- EXERCISE PROMPT:
Whatever lies between the line with "A close-up shot" and the end of the data, both included, must be copied exactly and without pictures.

- DATA SHOWN:
■ ■ ■ ■ ■

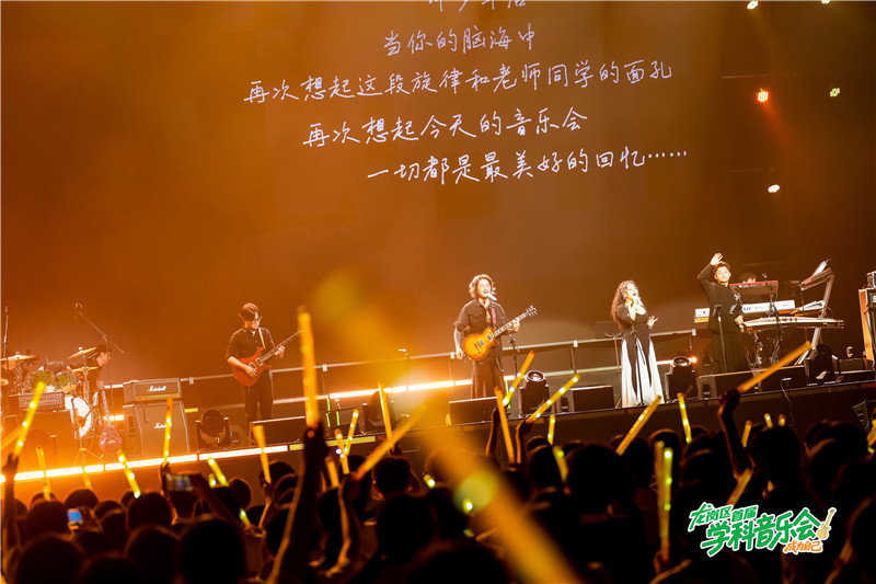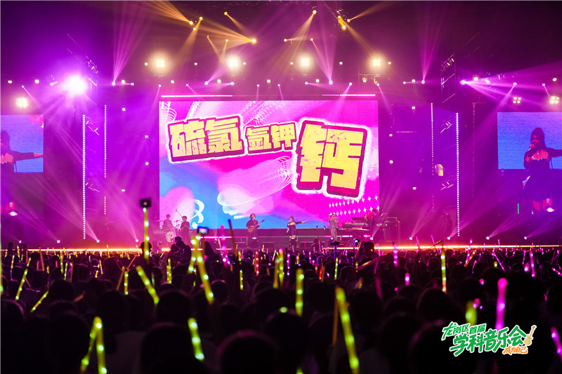 紧接着,触耳先生乐团接连献上《物态变化》《光的折射》《元素周期表》《生物与生物圈》等原创学科金曲。从物理现象到化学元素,从地理风貌到历史脉络,枯燥的知识点在电吉他、鼓点与旋律的碰撞中“活”了起来。台下学生挥舞荧光棒,跟着节奏齐声跟唱,俨然一场大型学科演唱会。
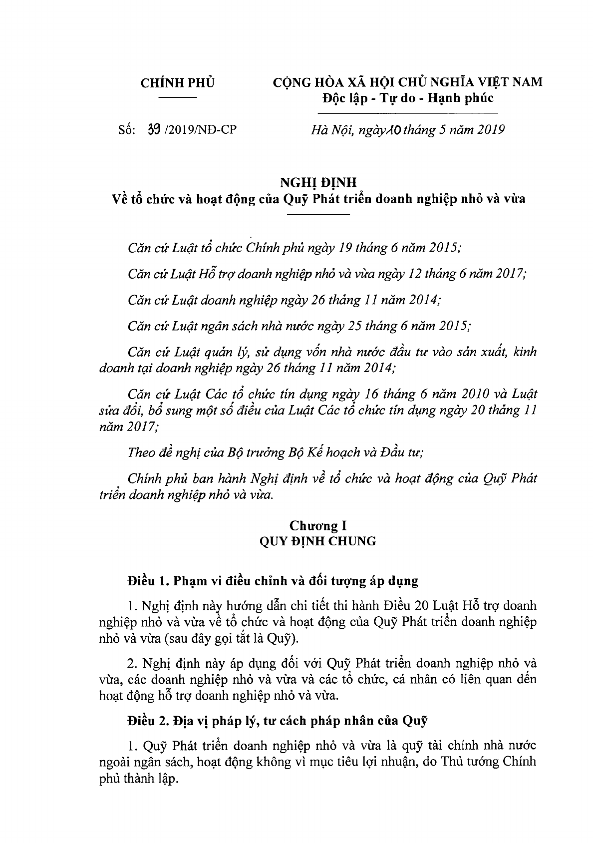 Nghị định 39/2019/NĐ-CP của Chính phủ về tổ chức và hoạt động của Quỹ Phát triển doanh nghiệp nhỏ và vừa.
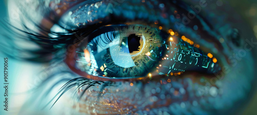 A close-up shot of an eye with digital data displayed on the iris, capturing the essence of cyberpunk aesthetics
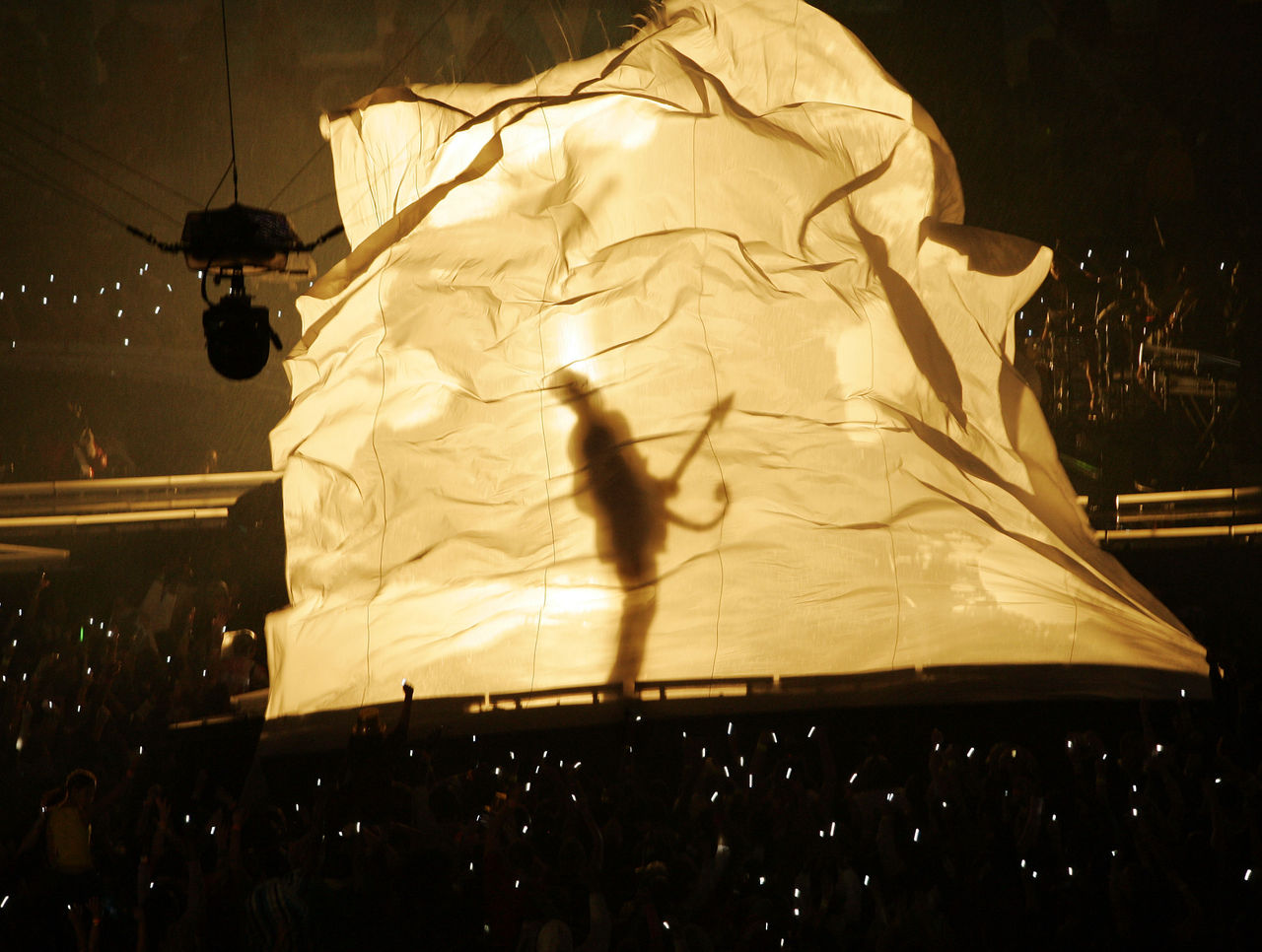 Prince's larger-than-life silhouette behind a flowing sheet stands out as a particularly memorable moment.

■ ■ ■ ■ ■

- ANSWER FOR THIS EXERCISE:
 A close-up shot of an eye with digital data displayed on the iris, capturing the essence of cyberpunk aesthetics
 Prince's larger-than-life silhouette behind a flowing sheet stands out as a particularly memorable moment.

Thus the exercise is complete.